The FTC filed an amended antitrust complaint against Facebook, alleging the company bought two main rivals and engaged in illegal "buy-or-bury" and "opened-first-closed-later" schemes. The amended complaint follows a U.S. District Court for the District of Columbia's recent decision to dismiss the original FTC complaint.

In the amended complaint, the FTC alleged that Facebook took actions to "cement" its monopoly by buying rivals Instagram and WhatsApp during the 2010s - a transition period to a mobile-first communication era. The FTC alleged that Facebook employed anticompetitive conditional dealing policies to app developers, by granting access to its platform for developers subject to their agreeing to (i) not compete with the company's core services and (ii) not facilitate potential rivals' growth. The FTC alleged Facebook "supplemented its anticompetitive shopping spree" with "buy or bury" and "open-first-close-later schemes" that hamper[ed] the ability of rivals and would-be rivals to "compete on the merits," thereby "harming the competitive process and limited consumer choice."

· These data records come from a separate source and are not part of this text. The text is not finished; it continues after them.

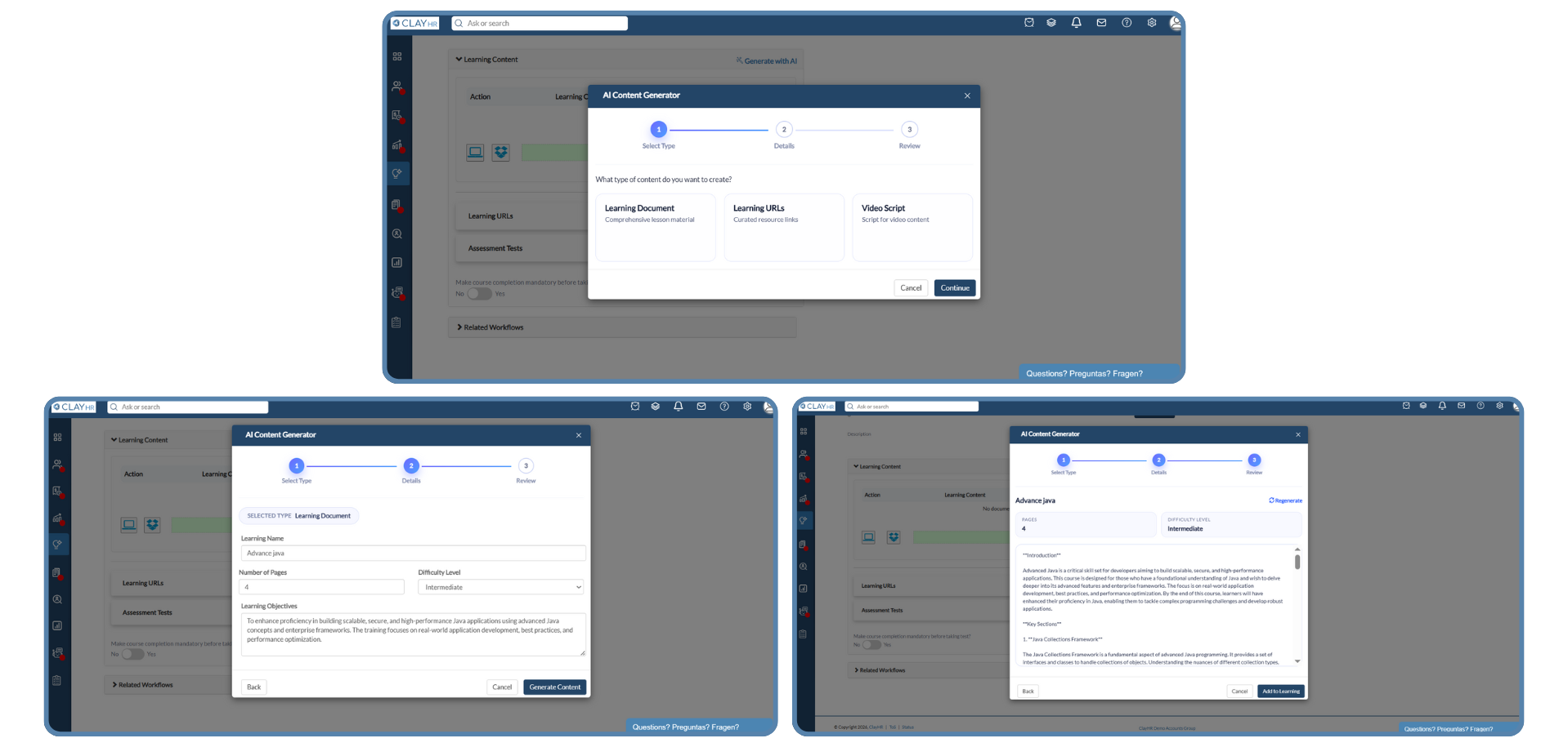 ClayHR simplifies learning creation with AI-powered content generation designed for modern L&D teams. Instantly create comprehensive Learning Documents, engaging Video Scripts, and curated Learning URLs—all tailored to your training objectives. This feature helps teams save time, ensure content consistency, and deliver high-quality learning experiences faster, without the effort of manual content creation.
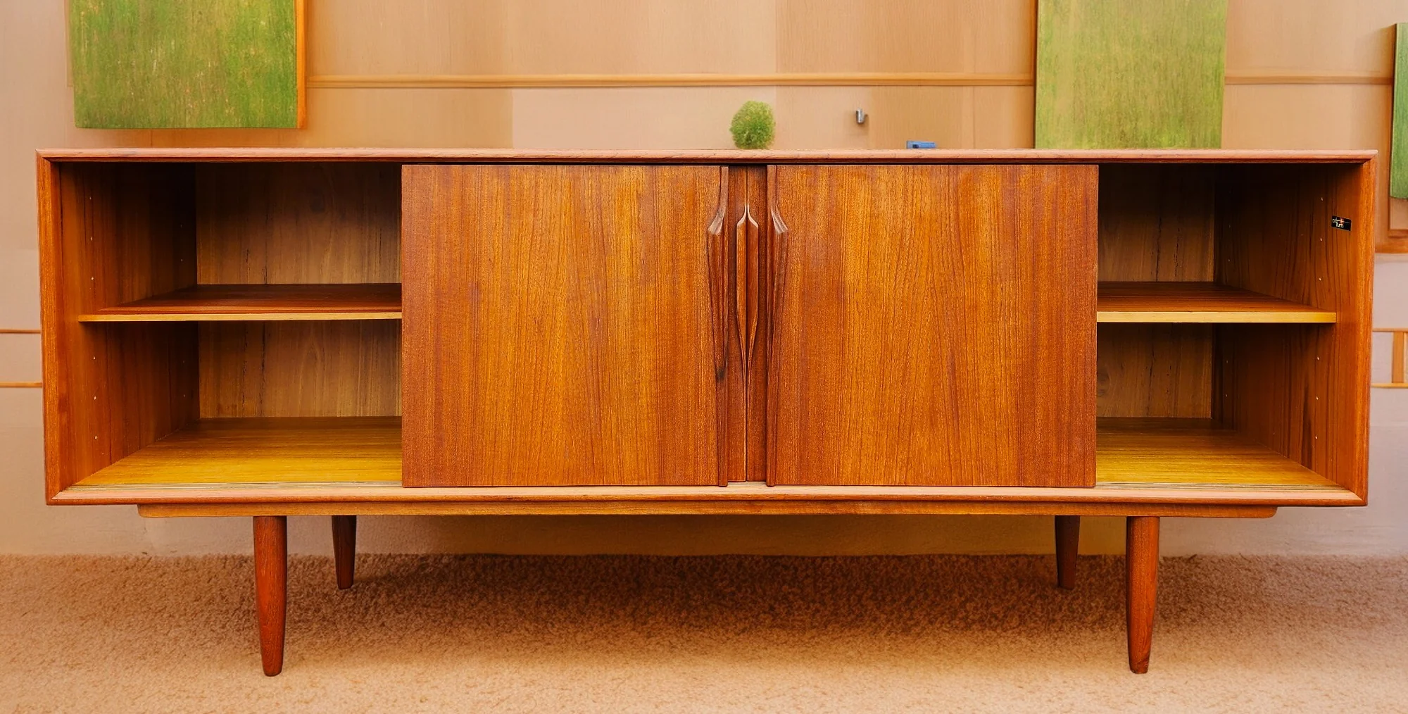 This vintage credenza features four sliding doors each with sculpted, solid teak, spear handles for a very clean and minimalist streamlined look. The doors open to reveal 3 cupboards: two small ones, one with an adjustable/ removable shelf, and another with 3 felt-lined drawers with elegant finger joinery. The third, double-sized cupboard has a single large adjustable/ removable teak shelf. The sideboard sits on large tapered, solid teak, Wegner-styled legs and has a finished back.
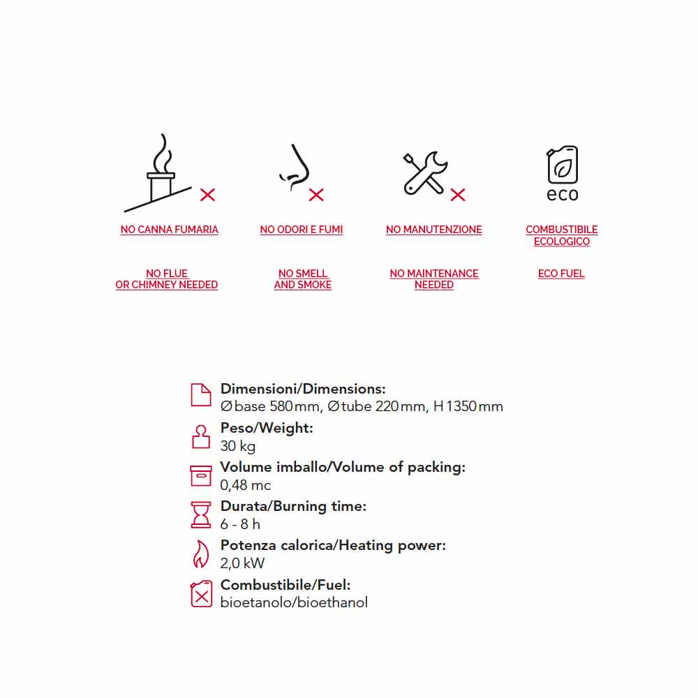 Esta chimenea está constituida por una estructura de tubo realizada en acero pintado y por un para-fuego de vidrio borosilicatado. Es una chimenea con una función principalmente decorativa y ha sido realizada a mano.
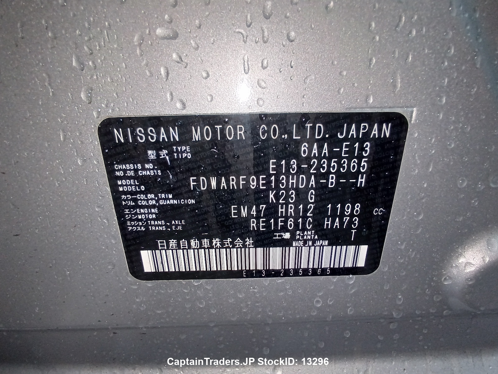 | Chassis No. | E13-235365 | Drive | N/A |
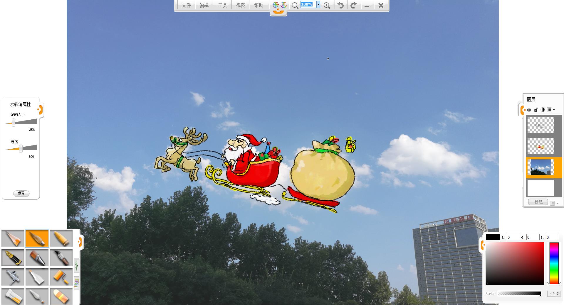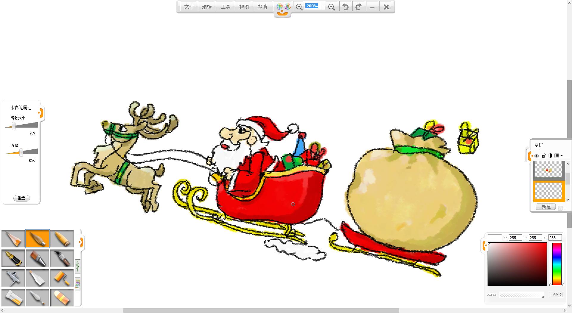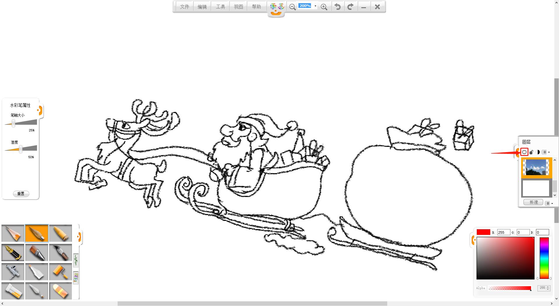 7.新建一個圖層,使用水彩筆筆觸進行上色。
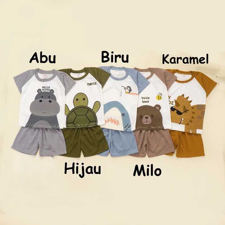ISI 5 SETEL Setelan Anak & Bayi Laki Laki Raglan Animal Earthtone Series/ Baju Anak Laki Laki / Baju Bayi / Setelan Bay
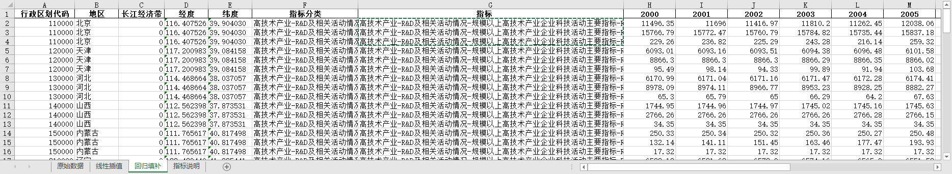 excel数据文件包原始数据(由于多年度指标不同存在缺失值)、线性插值、ARIMA填补三个版本,提供您参考使用。
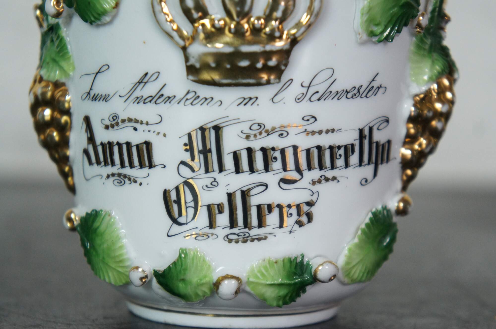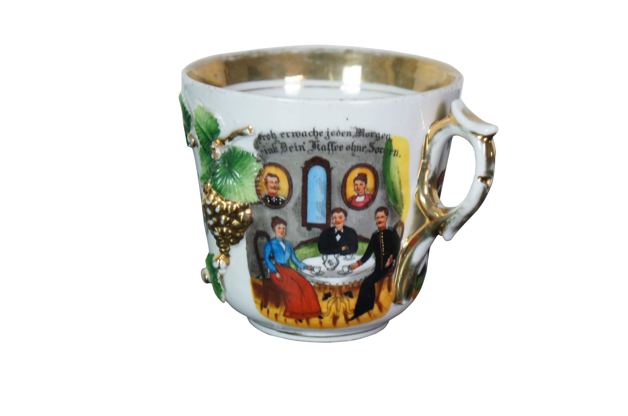 Antique World War I military souvenir / presentation cup / mug - personalized as memnto for a soldier's sister. Molded porcelain with a gilt imperial crown and bunches of leaves and grapes, framing a personalized inscription on the front (approximately "A souvenir for my sister" and a name) and a pair of images / scenes on the sides, with the phrases "Auf einfam stiller Wacht Hab ich an meine Schmester gedacht." (I thought about my sister in a very quiet wake.) and "Froh erroche jeden Morgen Drink Dein Kaffee ohne Sorgen." (Happy to drink your coffee every morning without any worries.)
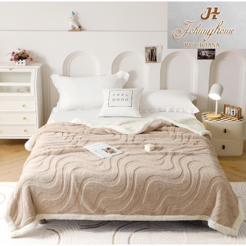 Pătură Super Soft Cocolino cu Blăniță, 200x230 cm – Eleganță și Căldură cu Model 3D în Relief, Valuri Elegante, Bej, cod produs: SPR-Pd-01

The FTC alleged that Facebook violated Section 5(a) of the Federal Trade Commission Act and Section 2 of the Sherman Act.

FTC Commissioner Christine S. Wilson dissented from the filing because the amended allegations focus on the acquisitions of rivals, transactions previously evaluated and permitted by the FTC under the Hart-Scott-Rodino premerger notification process. Ms. Wilson stated that it is "bad policy to undermine the integrity of the premerger notification process established by Congress and the repose that it provides to merging parties that have faithfully complied with its requirements."